• TASK DETAILS: Everything in the listing must be repeated exactly, apart from the images.
━━ COLLECTED MATERIAL ━━
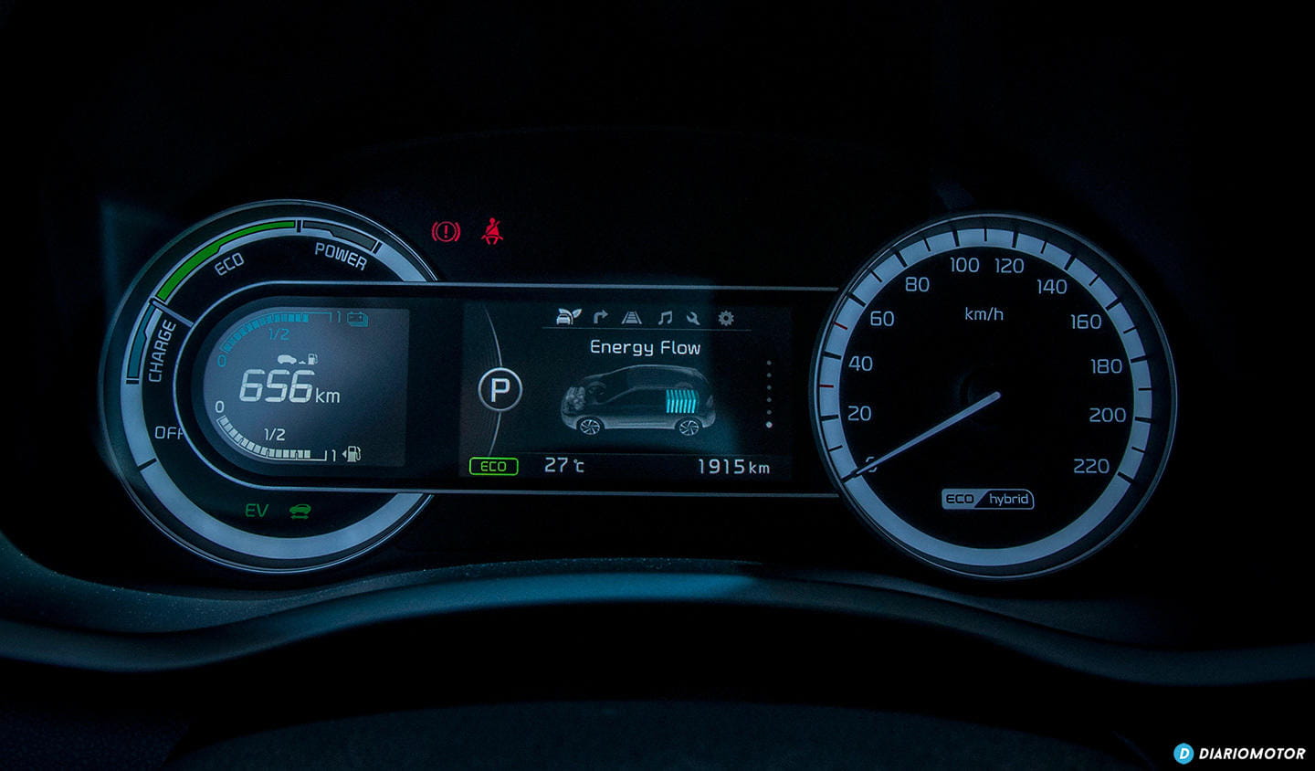 Como ya os decíamos anteriormente, el Kia Niro no cuenta con modos de conducción al uso. Eso tiene sus pros y sus contras. Con el selector del cambio en automático, el Kia Niro trabaja en lo que la marca denomina como modo ECO. Un modo en el que se busca maximizar el consumo, pero como ya os decíamos dista mucho de mostrarnos las verdaderas prestaciones de este coche. En ese modo, además, la dirección cuenta con un tarado muy suave, excesivamente blando.
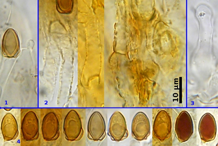 The most reliable way to identify G. cerina is with a microscope. Its most recognizable microscopic feature is the calyptra on its basidiospores. Figure 4 shows several basidiospores, the first four from the left are in profile; the next four are in face view, all mounted in 5% KOH. The two spores at right, seen in profile, were photographed in Melzer's solution to demonstrate the dark red dextrinoid reaction characteristic of most species of Galerina. Most of the spores in Figure 4 show a peculiar ballooning of the wall in the lower part. This swelling is called a calyptra and is the outer spore wall that pulls away from the spore is a very characteristic and regular way. Galerina is a fairly large genus of mushrooms with perhaps more than 200 species (3), yet no more than 20 of these species, such as G. hypnorum and G. sphagnicola, have calyptrate basidiospores. Figures 1, 2 and 3 show other features of G. cerina. Aside from showing yet another calyptrate spore, Figure 1 also shows a hypha with a clamp connection, a feature missing in some species of Galerina. The middle panel of Figure 2 also shows a hypha with a clamp connection. The main purpose of Figure 2 is to demonstrate the strongly encrusted hyphae that make up the surface of the cap. Figure 3 shows a cheilocystidium. These structures line the edges of the lamellae and are often useful for identification. Cheilocystidia of G. cerina are thin-walled and shaped somewhat like little bowling pins.
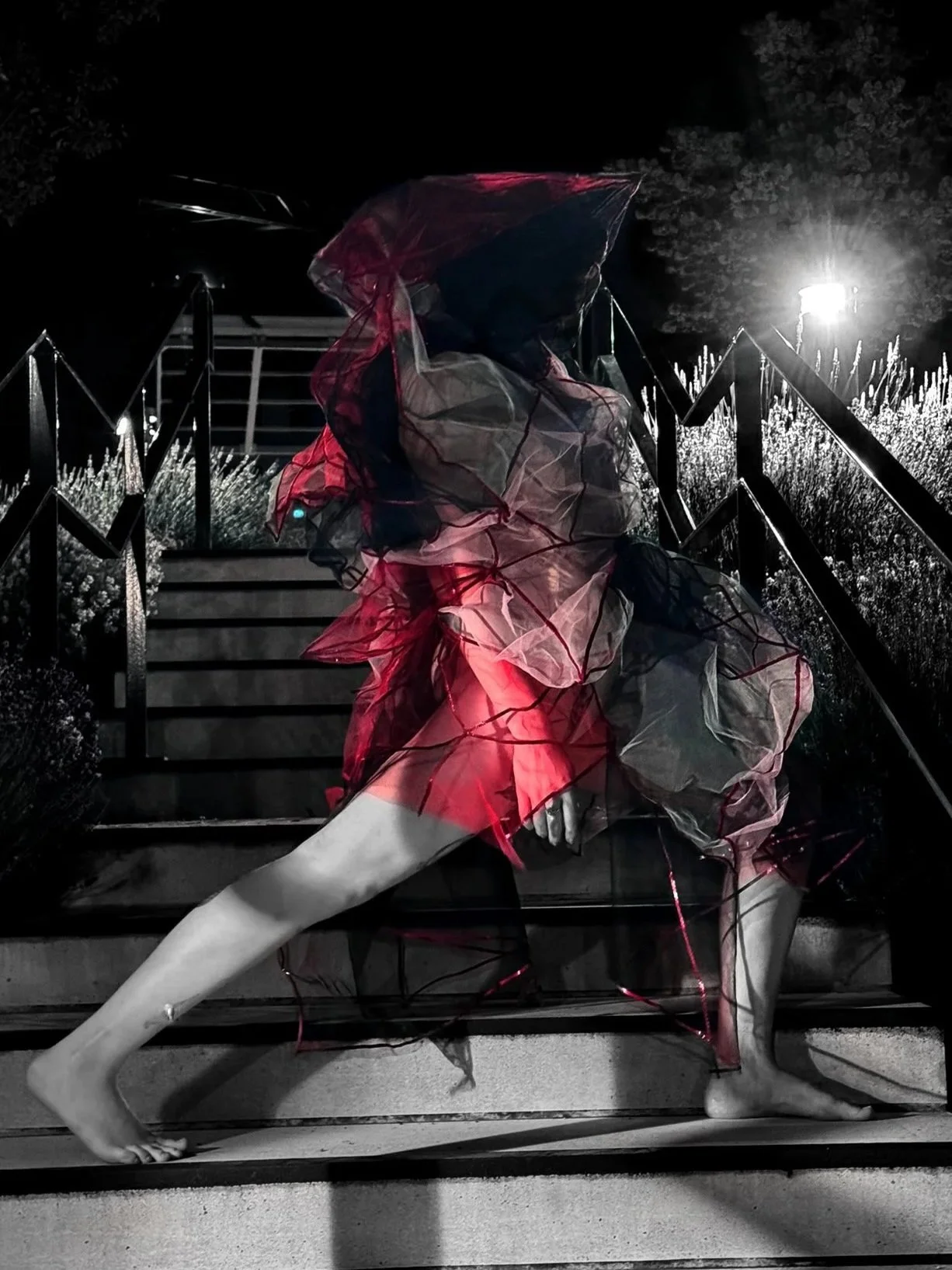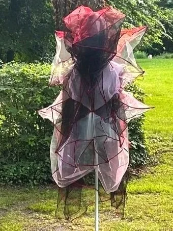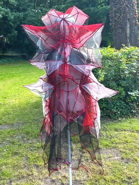 Die Form entsteht aus triangulierten Modulen. Mehrere Dreiecke bilden Flächen, Flächen ergeben Volumen. Die Spikes entstehen dort, wo mehrere Kanten in einem Punkt zusammentreffen. Das Geschenkband habe ich im Verlauf als durchgehende Linie geführt und im Zickzackstich auf den Tüll genäht. Dadurch versteifen sich die Kanten, und die Spitzen bekommen spürbar mehr Stabilität und Präzision.
━━━
• REPLY:
 Como ya os decíamos anteriormente, el Kia Niro no cuenta con modos de conducción al uso. Eso tiene sus pros y sus contras. Con el selector del cambio en automático, el Kia Niro trabaja en lo que la marca denomina como modo ECO. Un modo en el que se busca maximizar el consumo, pero como ya os decíamos dista mucho de mostrarnos las verdaderas prestaciones de este coche. En ese modo, además, la dirección cuenta con un tarado muy suave, excesivamente blando.
 The most reliable way to identify G. cerina is with a microscope. Its most recognizable microscopic feature is the calyptra on its basidiospores. Figure 4 shows several basidiospores, the first four from the left are in profile; the next four are in face view, all mounted in 5% KOH. The two spores at right, seen in profile, were photographed in Melzer's solution to demonstrate the dark red dextrinoid reaction characteristic of most species of Galerina. Most of the spores in Figure 4 show a peculiar ballooning of the wall in the lower part. This swelling is called a calyptra and is the outer spore wall that pulls away from the spore is a very characteristic and regular way. Galerina is a fairly large genus of mushrooms with perhaps more than 200 species (3), yet no more than 20 of these species, such as G. hypnorum and G. sphagnicola, have calyptrate basidiospores. Figures 1, 2 and 3 show other features of G. cerina. Aside from showing yet another calyptrate spore, Figure 1 also shows a hypha with a clamp connection, a feature missing in some species of Galerina. The middle panel of Figure 2 also shows a hypha with a clamp connection. The main purpose of Figure 2 is to demonstrate the strongly encrusted hyphae that make up the surface of the cap. Figure 3 shows a cheilocystidium. These structures line the edges of the lamellae and are often useful for identification. Cheilocystidia of G. cerina are thin-walled and shaped somewhat like little bowling pins.
 Die Form entsteht aus triangulierten Modulen. Mehrere Dreiecke bilden Flächen, Flächen ergeben Volumen. Die Spikes entstehen dort, wo mehrere Kanten in einem Punkt zusammentreffen. Das Geschenkband habe ich im Verlauf als durchgehende Linie geführt und im Zickzackstich auf den Tüll genäht. Dadurch versteifen sich die Kanten, und die Spitzen bekommen spürbar mehr Stabilität und Präzision.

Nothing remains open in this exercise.